Sermon on the Mount: Reliable Words
Text: Matthew 5:33-37
Sermon: Reliable Words
Date: July 22, 2012
Listen to audio: July 22, 2012
Summary: It’s hard to convince someone that you are telling the truth when they are skeptical. In order to be more convincing, we often come up with formulas that are intended to convince others that we are telling the truth.
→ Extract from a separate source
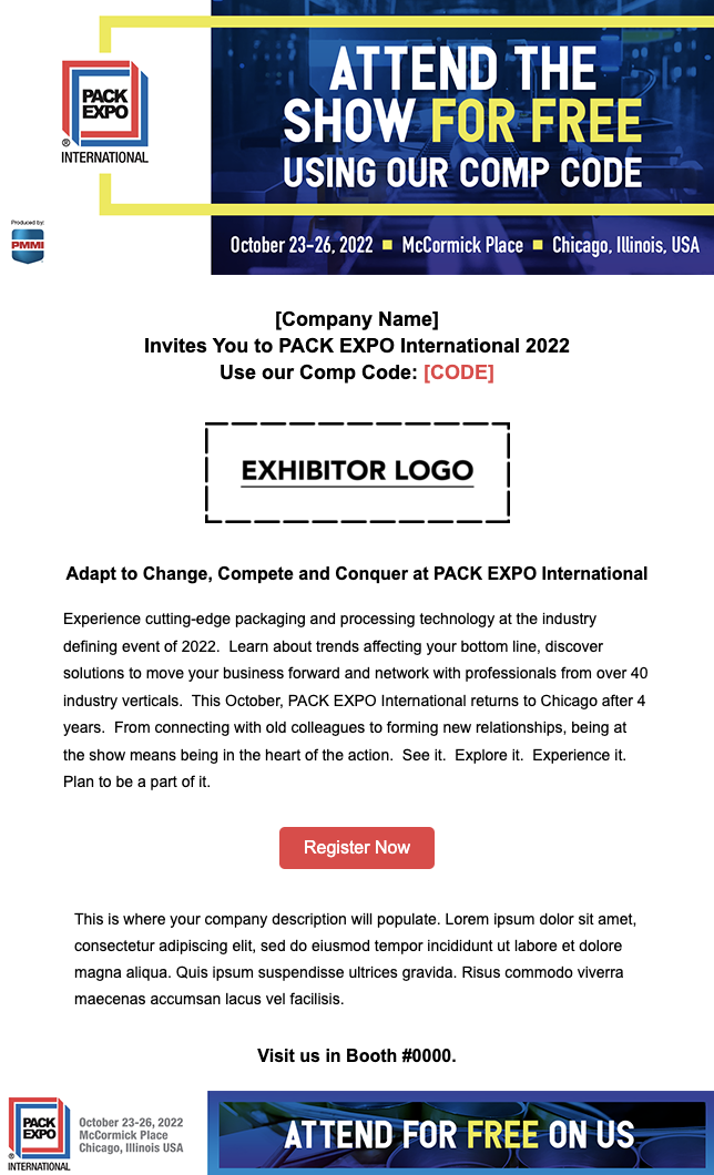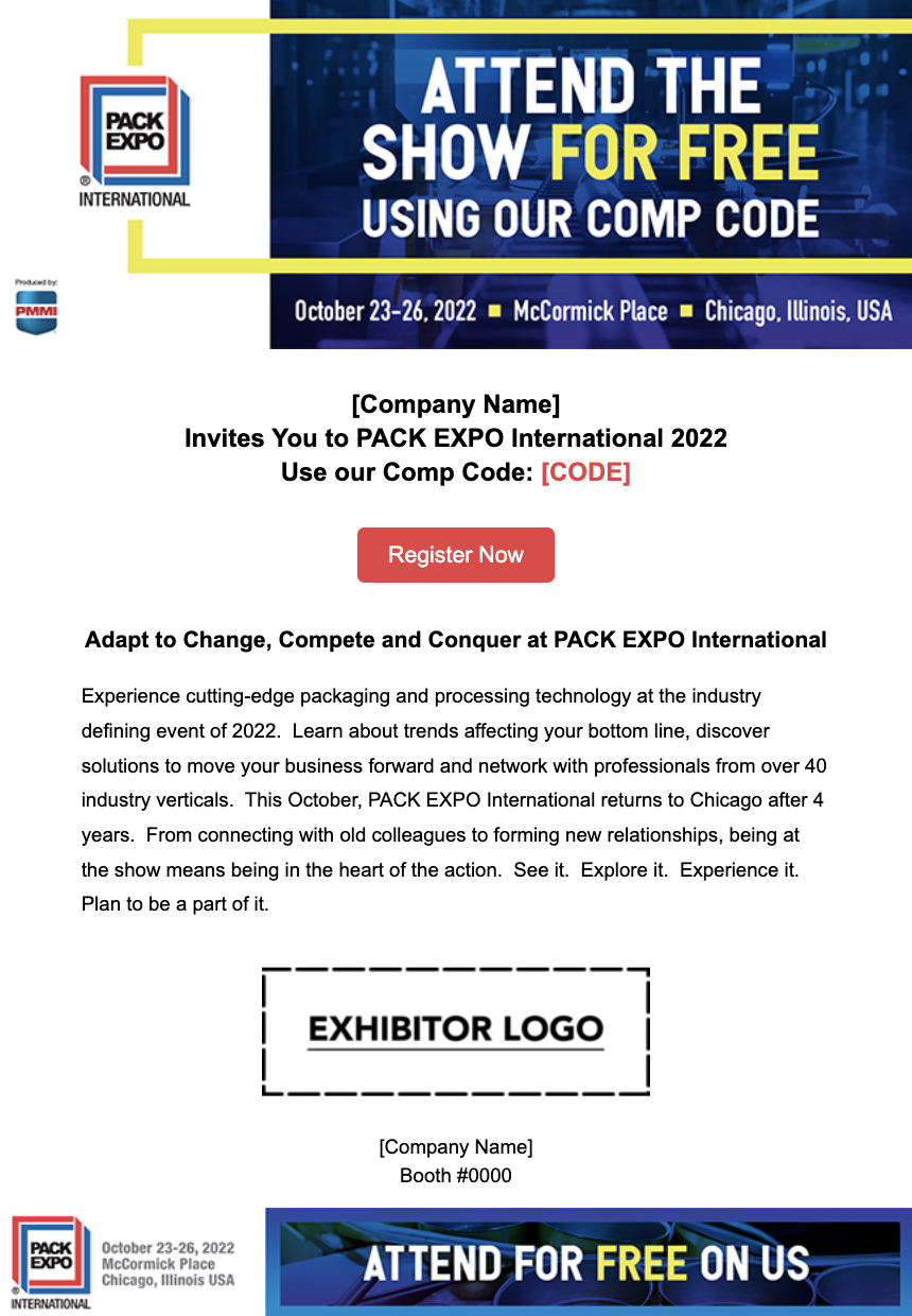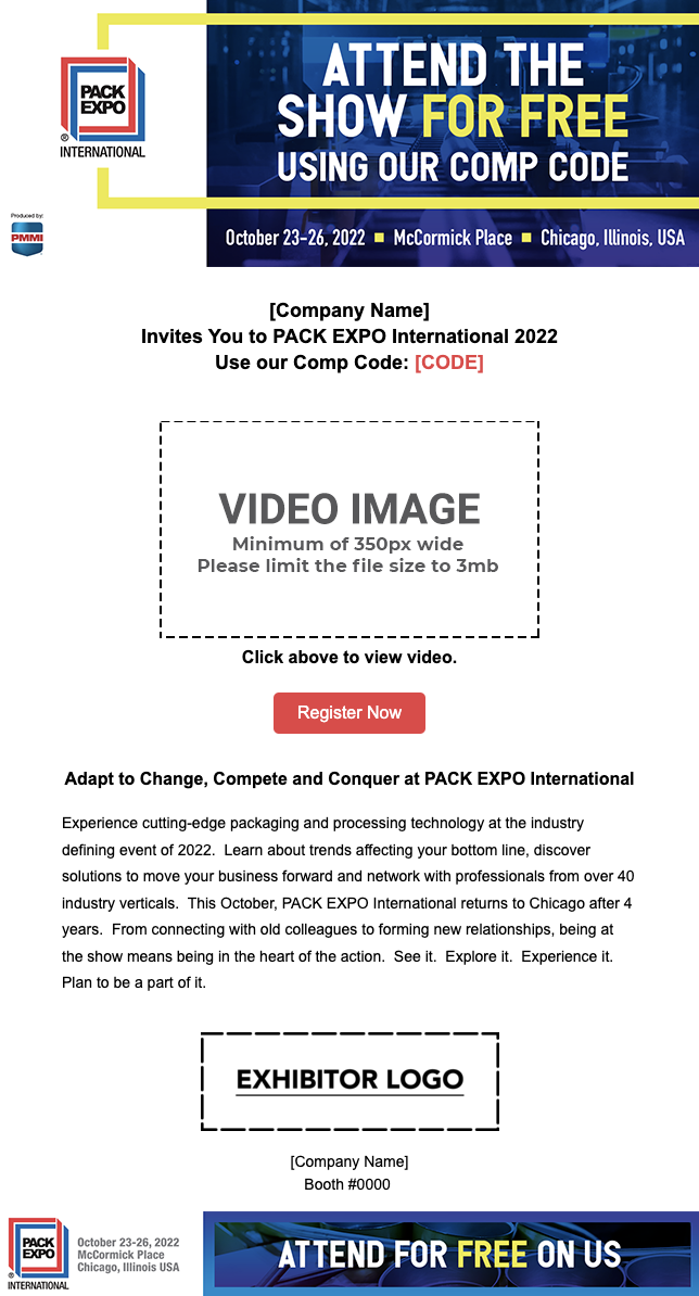 In order to have Nvytes send the emails on your behalf your email and contact list must be submitted 5 business days prior to the date you wish the email to deploy. Once your list is fully processed, your Account Manager will reach out to you with the approval status of your list, the Email Invitation proofs, and ask for email deployment dates. If there are no edits to the Email Invitation, respond to the email with your desired send dates. Be sure to add PackExpo@Nvytes.com to your contacts so the email isn't missed!

We say things like, “I promise,” “I’m telling the truth,” “scout’s honor,” or even “I swear.”
Jesus’ words in Matthew 5 help us understand that having credibility with someone else is not a matter of understanding the right forulas for convincing others that you are telling the truth, but rather a product of your integrity. If you want others to believe you, practice telling the truth.
Scripture Reading: “Again, ye have heard that it was said to them of old time, Thou shalt not forswear thyself, but shalt perform unto the Lord thine oaths: but I say unto you, swear not at all; neither by the heaven, for it is the throne of God; nor by the earth, for it is the footstool of his feet; nor by Jerusalem, for it is the city of the great King. Neither shalt thou swear by thy head, for thou canst not make one hair white or black. But let your speech be, Yea, yea; Nay, nay: and whatsoever is more than these is of the evil one. “(Matthew 5:33-37 ASV)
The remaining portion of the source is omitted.